MARTIN R ANDERSON | MIDGE BATTELLE | CAROL GREENWOOD | ZAMMY MIGDAL | JEANNIE MOTHERWELL | JUDITH TREPP

Opening Reception: Friday, July 27, 6-9 pm

Martin R Anderson

Refractions & Redemptions

“The thing you need is often nearby.” - James Joyce

"As an artist, I am in the construction business: Constructing. Reconstructing. Deconstructing.

I work with materials readily available from the street or studio, redeeming things that have been: overlooked, scrapped, ditched, abandoned, repudiated, run over, forsaken.

I often frame spaces first, gleaning inspiration from the wood and shadows then playing chess wit objects, paint and tape with no fear of mistakes.

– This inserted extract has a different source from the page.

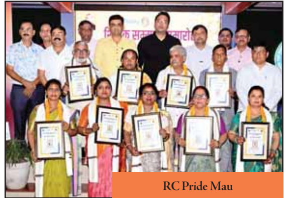
RC Pride Mau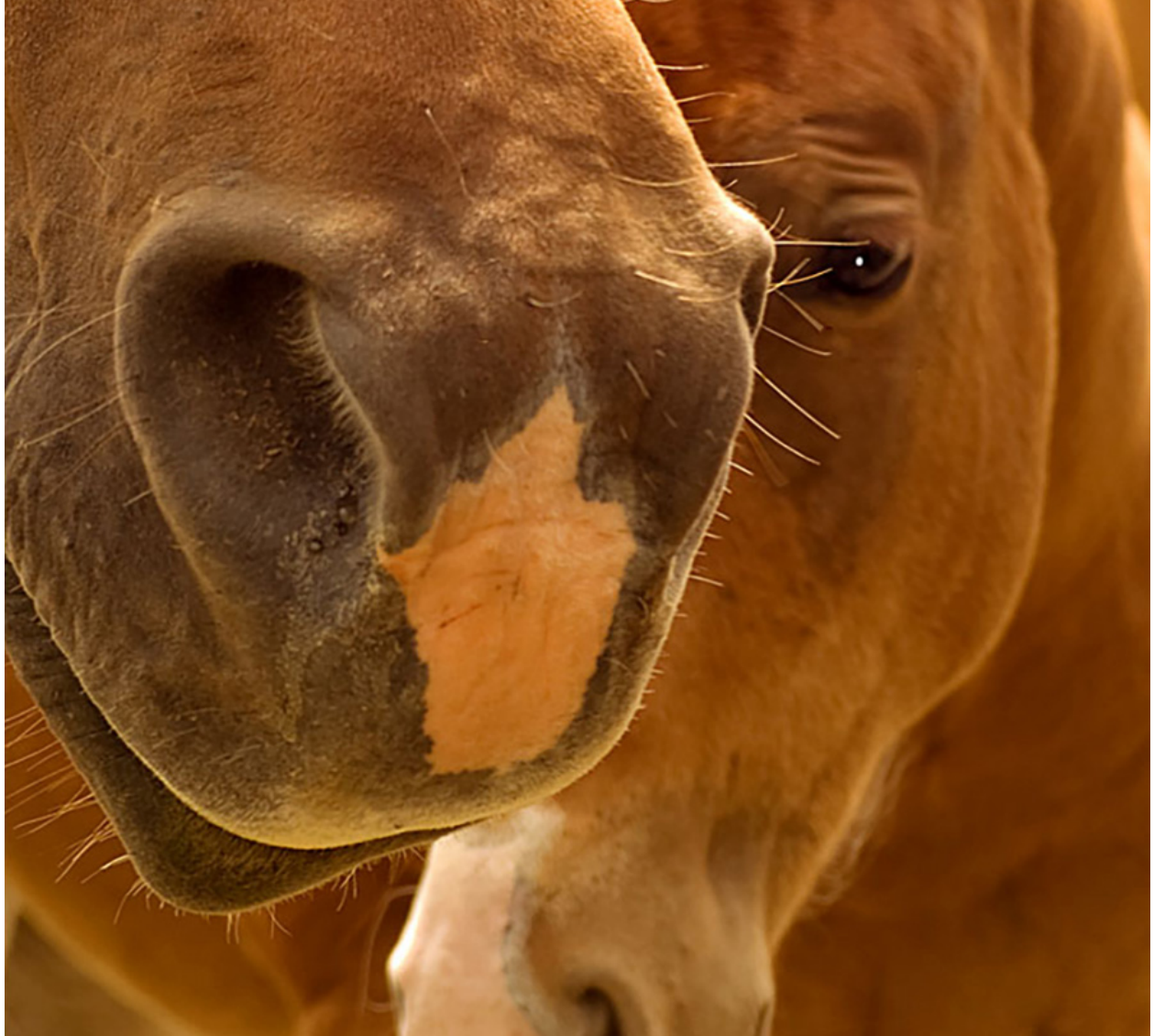
Peek-A-Boo Pony © Chuck Pine

Art is everywhere for the taking. I take it."

Martin R Anderson has been an actor and director, pinhole photographer and teacher, Trager® Bodywork Practitioner and Tutor, a daydreamer, a painter, an assembler, a drawing teacher, a dune shack dweller and a beach comber, a bicycle rider and a street comber. He imagines that he can speak French. He stays close to home (Brookline), but occasionally makes forays to Provincetown, Paris and New York City.

Midge Battelle

Un-Fettered

Merriam-Webster: free, unrestrained

"A feter is a chain or shackle for the feet or, more broadly, anything that confines or restrains. First used in 1601 by the poet John Donne in his work Progress of the Soule : “To an unfettered soules quick nimble hast / are falling stars and heart thoughts, but slow pac’d.” This word came to me out of the blue one day. I liked the sound of it and so looked up the meaning. I take the word as a surprising gift, a little signpost."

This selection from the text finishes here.